**WORK TO COMPLETE:**
Look through the listing below for the line containing "Font Awesome의 홈페이지에". Copy it and each line after it up to and including the line containing "10月21日,2017年秦岭", exactly, leaving out pictures.

**RECORD EXCERPTS:**
──────

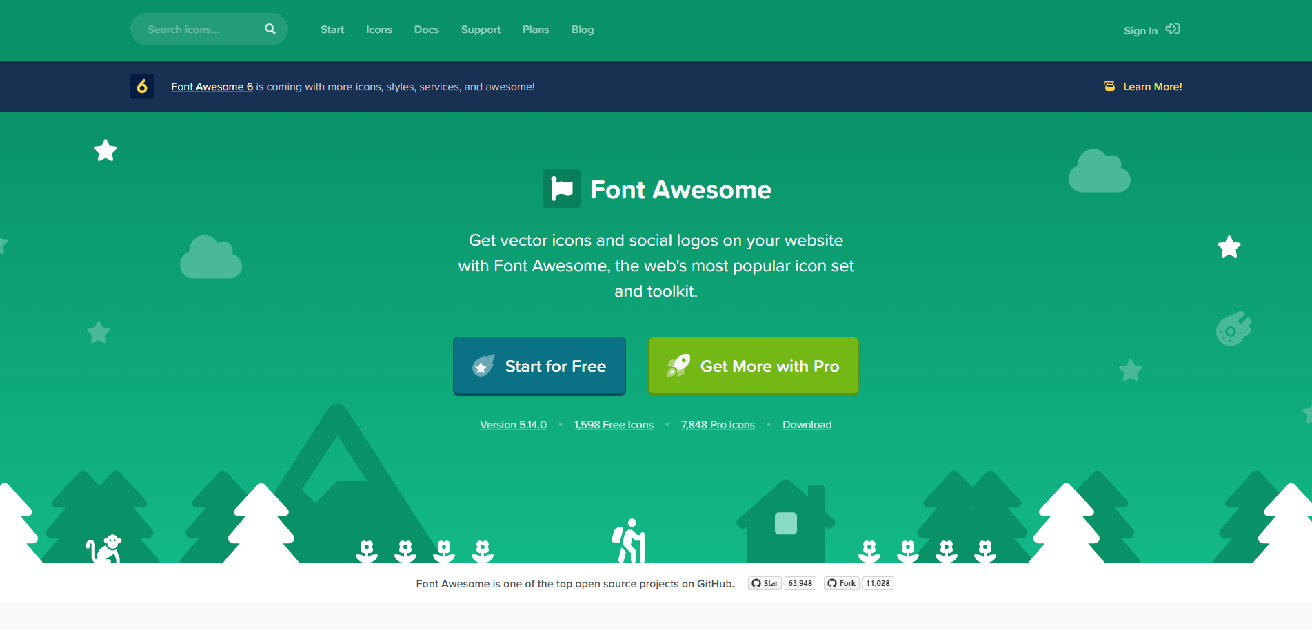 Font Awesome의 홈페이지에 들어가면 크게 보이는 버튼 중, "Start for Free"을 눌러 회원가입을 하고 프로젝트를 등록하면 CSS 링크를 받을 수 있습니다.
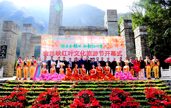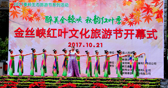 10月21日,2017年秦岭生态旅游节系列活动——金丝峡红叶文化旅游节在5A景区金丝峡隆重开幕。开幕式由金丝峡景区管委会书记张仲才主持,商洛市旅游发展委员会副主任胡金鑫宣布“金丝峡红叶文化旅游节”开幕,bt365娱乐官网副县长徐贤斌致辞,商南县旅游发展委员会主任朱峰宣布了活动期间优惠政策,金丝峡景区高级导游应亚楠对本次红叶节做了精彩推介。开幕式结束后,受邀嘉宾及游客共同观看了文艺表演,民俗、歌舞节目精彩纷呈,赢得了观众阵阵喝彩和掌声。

──────

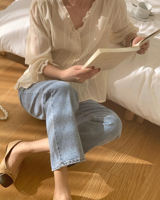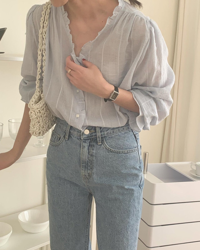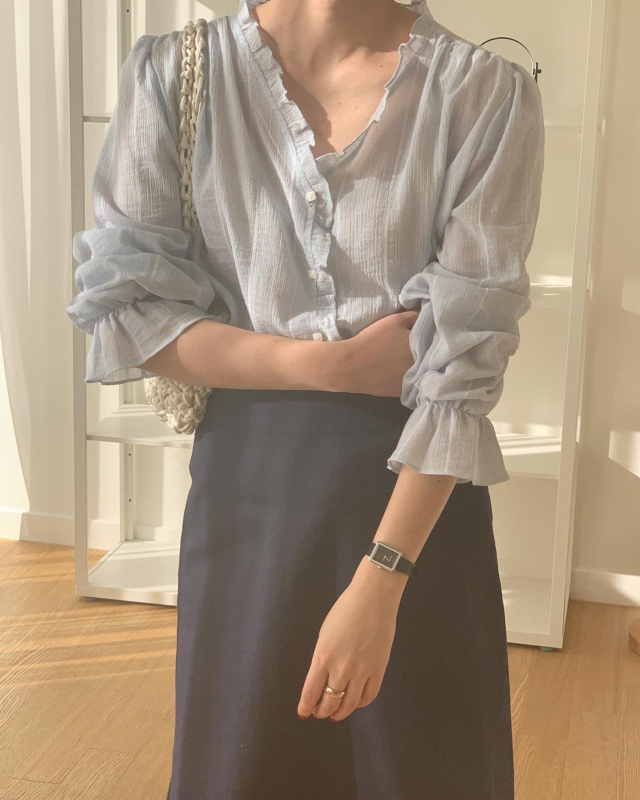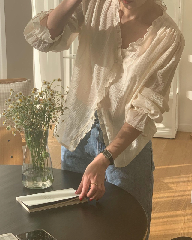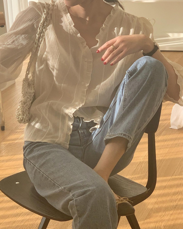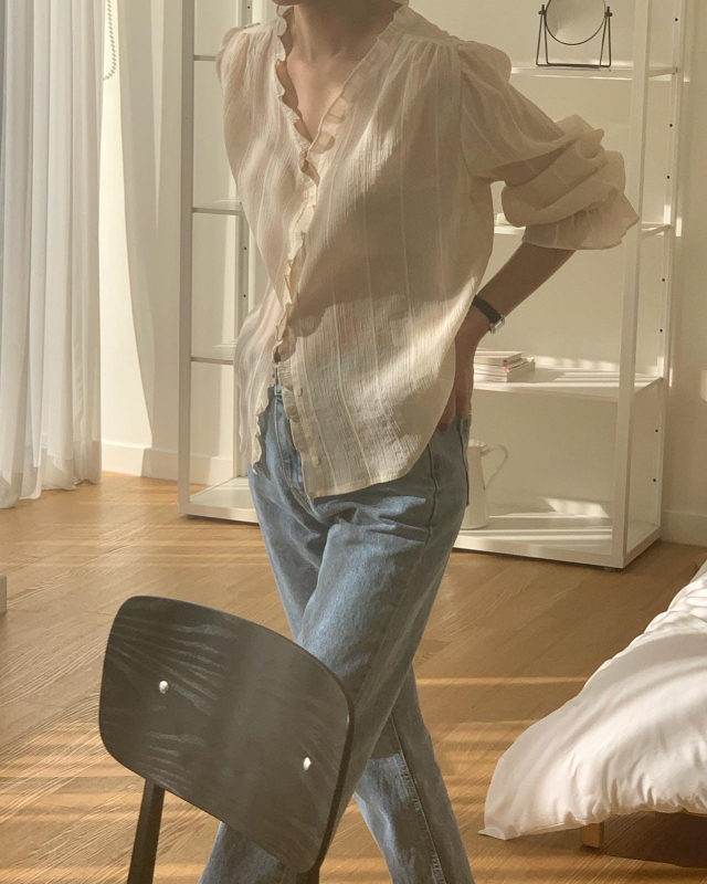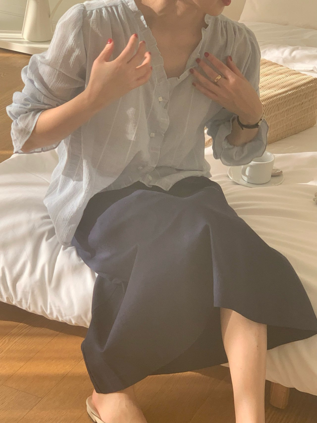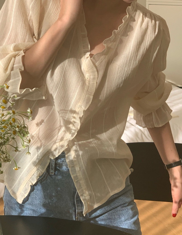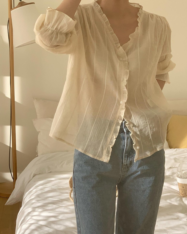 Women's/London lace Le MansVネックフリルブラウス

──────

**OUTPUT OF THE EXERCISE:**
 Font Awesome의 홈페이지에 들어가면 크게 보이는 버튼 중, "Start for Free"을 눌러 회원가입을 하고 프로젝트를 등록하면 CSS 링크를 받을 수 있습니다.
 10月21日,2017年秦岭生态旅游节系列活动——金丝峡红叶文化旅游节在5A景区金丝峡隆重开幕。开幕式由金丝峡景区管委会书记张仲才主持,商洛市旅游发展委员会副主任胡金鑫宣布“金丝峡红叶文化旅游节”开幕,bt365娱乐官网副县长徐贤斌致辞,商南县旅游发展委员会主任朱峰宣布了活动期间优惠政策,金丝峡景区高级导游应亚楠对本次红叶节做了精彩推介。开幕式结束后,受邀嘉宾及游客共同观看了文艺表演,民俗、歌舞节目精彩纷呈,赢得了观众阵阵喝彩和掌声。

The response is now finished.